Она энергично замотала головой. Она ахнула.
— Нет, — выкрикнула она. — Нет, он ни в чем не виноват. Нет, он ничего не сделал.
— Тогда к чему все это безумие? — крикнул рабби.
Он повернулся к толпе, которая выросла уже втрое.
Все вытягивали шеи и хрипло выкрикивали вопросы, желая все видеть и все знать.
— Говорю вам, прекратите сейчас же и расходитесь по домам.
— Уходите сейчас же, вы все, — закричал Иасон. — Не на что здесь смотреть. Убирайтесь отсюда. Вы пьяны, все до единого, после празднества! Расходитесь по домам!
Однако бормотание и ропот ползли во все стороны. «Одни в роще, Иешуа и Авигея!» Я улавливал отдельные слова и обрывки фраз. Я видел, как Иосиф спешит вверх по склону. Менахем поддерживал его, как мог, разве что не тащил на себе. Все больше и больше женщин бежало к нам. Авигея разразилась беспомощными слезами.
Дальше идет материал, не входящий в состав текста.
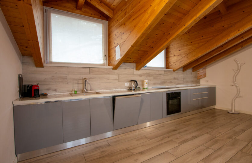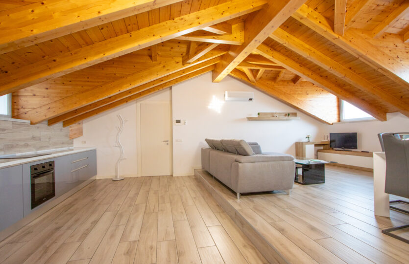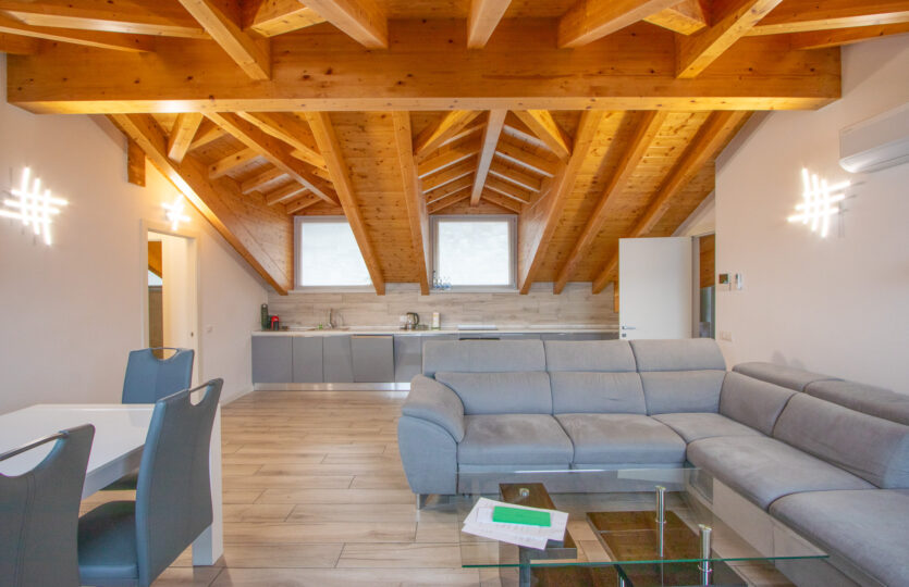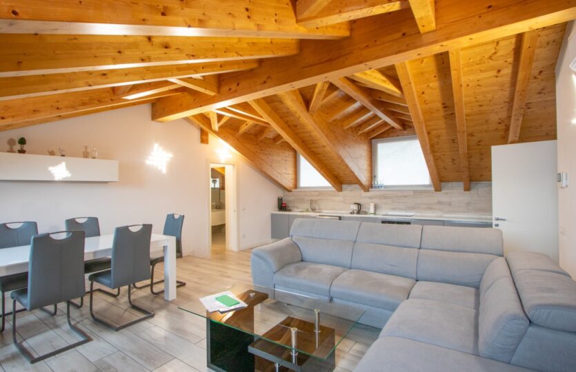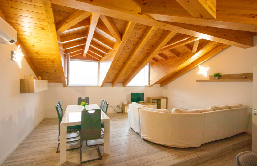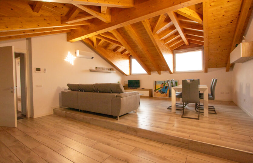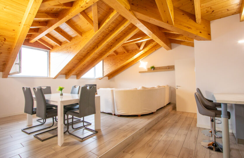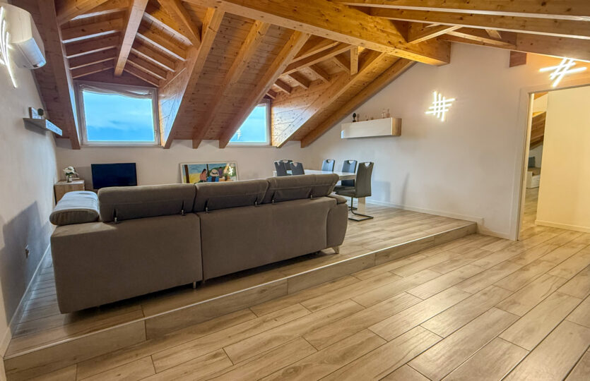 - 120 m² penthouse apartment comprising: entrance hall, large living room with open kitchen, bathroom, 2 bedrooms, one of which is very large with private bathroom and wardrobe. Single garage and complete existing furnishings;

— Отведите ее домой, сейчас же, уводите ее, — сказал я.
Но вдруг мой брат Иосий обхватил меня сзади руками, то же самое сделал и мой брат Иосиф.
— Не надо! Перестаньте!
— Шемайя, — сказал Иосий.
Да, Шемайя шел сюда, ковыляя вверх по холму, раздвигая народ, отбрасывая людей со своего пути.
При виде его Авигея вскрикнула. Моя тетя Есфирь пыталась ее удержать, но она перегнулась пополам, качнулась назад и выскользнула из рук Есфири.
Рабби встал на пути Шемайи. Тот подошел, желая ударить его, но работники схватили его занесенную руку. Люди вцепились в Иасона раньше, чем он успел ударить Шемайю, кто-то набросился и на Рувима. Казалось, все дерутся со всеми.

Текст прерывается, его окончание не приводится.